→ Problem to solve
Wherever a picture appears, skip it and retype the rest of the data exactly.
--------------------------------------------------
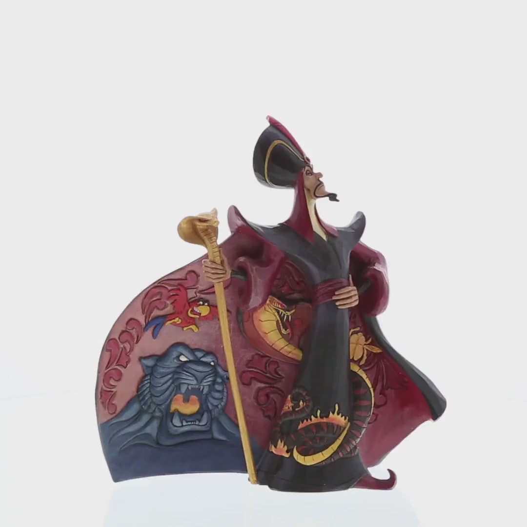 Jafar, Aladdin's greatest threat, looks quite formidable in this Jim Shore design. His cloak billowing, etched designs make the villain even more threatening. With a snake twisted around his garment, and blue tiger bearing it's fangs, fear meets fashion. Unique variations should be expected as this product is hand painted. Packed in a branded gift box. Not a toy or children's product. Intended for adults only.
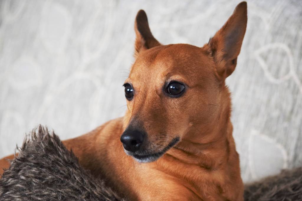 Un gros plan d'un Jackshund au pelage marron, allongé sur une couverture
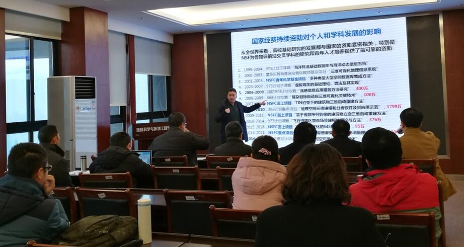 首先,遥感信息工程系朱庆教授做了题为《国家自然科学基金申请与实施》的专题报告。朱庆教授通过自身经历讲述了国家经费持续资助对个人和学科发展的影响,并结合历年来国家自然科学基金项目资助的多方面数据统计,提出要获得更多的项目资助应注意同行之间加强交流合作,学院加强组织、发挥个体优势,提升学科影响力。同时,朱庆教授从国家自然科学基金资助政策,评审规则,申请书的撰写,注意事项以及如何完成好基金项目等方面做了讲解。
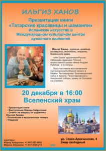 В Храме всех религий в Казани при поддержке Государственного комитета Республики Татарстан по туризму состоится презентация книги Ильгиза Ханова «Татарские красавицы и шамаили. Исламское искусство в Международном культурном центре духовного единения».
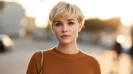 A beautiful young woman with short blonde hair captured outdoors during golden hour. The soft sunlight enhances her natural beauty, creating an inviting atmosphere.
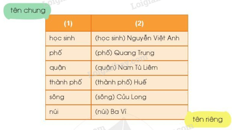 Các từ ở nhóm (1) là danh từ chung nên viết thường, các từ ở nhóm (2) có chứa tên riêng (người, địa điểm) nên cần viết hoa chữ cái đầu tiên của những tiếng tạo thành tên riêng đó.
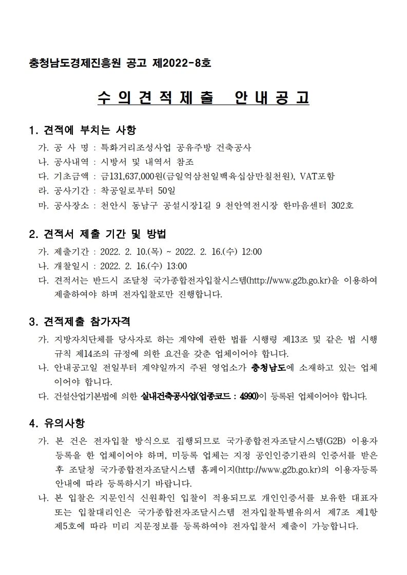 | 2022 특화거리조성사업 공유주방 건축공사 소액수의견적제출 안내 공고 |
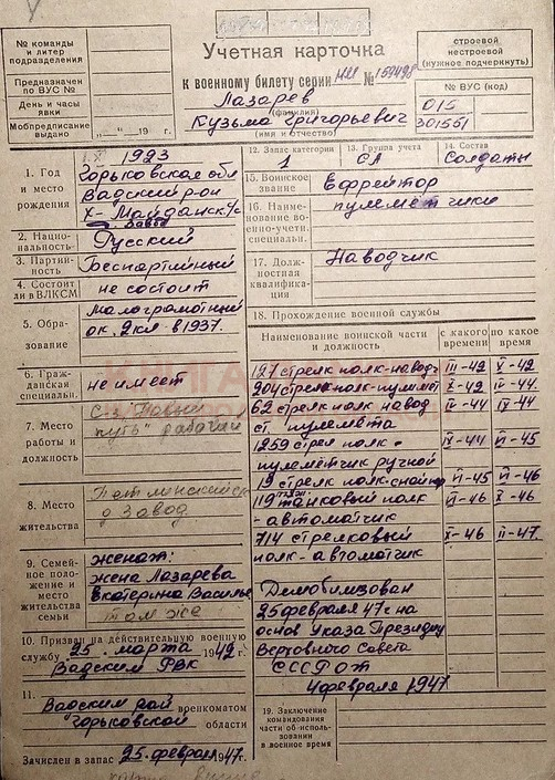 25.02.1947 демобилизован. Умер 06.10.2007 г
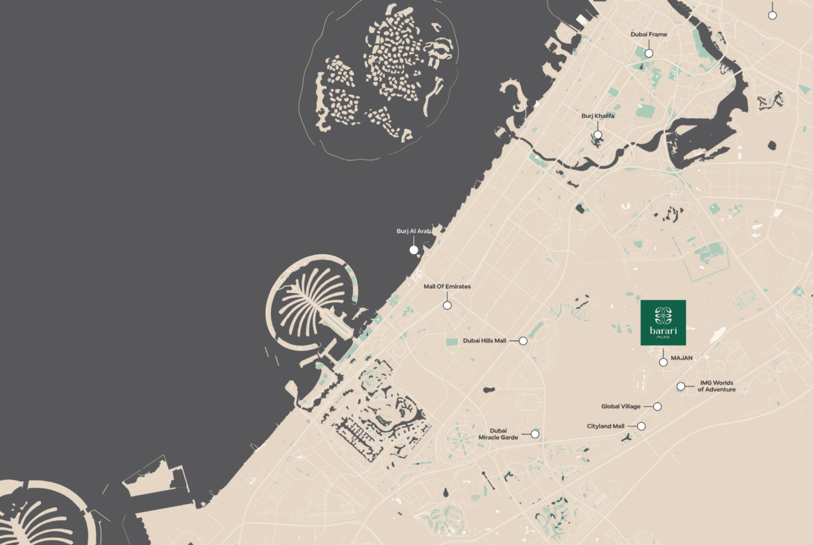 Barari Palace enjoys a well-connected address. Residents stay close to key lifestyle and business hubs.
--------------------------------------------------
→ Task output
 Jafar, Aladdin's greatest threat, looks quite formidable in this Jim Shore design. His cloak billowing, etched designs make the villain even more threatening. With a snake twisted around his garment, and blue tiger bearing it's fangs, fear meets fashion. Unique variations should be expected as this product is hand painted. Packed in a branded gift box. Not a toy or children's product. Intended for adults only.
 Un gros plan d'un Jackshund au pelage marron, allongé sur une couverture
 首先,遥感信息工程系朱庆教授做了题为《国家自然科学基金申请与实施》的专题报告。朱庆教授通过自身经历讲述了国家经费持续资助对个人和学科发展的影响,并结合历年来国家自然科学基金项目资助的多方面数据统计,提出要获得更多的项目资助应注意同行之间加强交流合作,学院加强组织、发挥个体优势,提升学科影响力。同时,朱庆教授从国家自然科学基金资助政策,评审规则,申请书的撰写,注意事项以及如何完成好基金项目等方面做了讲解。
 В Храме всех религий в Казани при поддержке Государственного комитета Республики Татарстан по туризму состоится презентация книги Ильгиза Ханова «Татарские красавицы и шамаили. Исламское искусство в Международном культурном центре духовного единения».
 A beautiful young woman with short blonde hair captured outdoors during golden hour. The soft sunlight enhances her natural beauty, creating an inviting atmosphere.
 Các từ ở nhóm (1) là danh từ chung nên viết thường, các từ ở nhóm (2) có chứa tên riêng (người, địa điểm) nên cần viết hoa chữ cái đầu tiên của những tiếng tạo thành tên riêng đó.
 | 2022 특화거리조성사업 공유주방 건축공사 소액수의견적제출 안내 공고 |
 25.02.1947 демобилизован. Умер 06.10.2007 г
 Barari Palace enjoys a well-connected address. Residents stay close to key lifestyle and business hubs.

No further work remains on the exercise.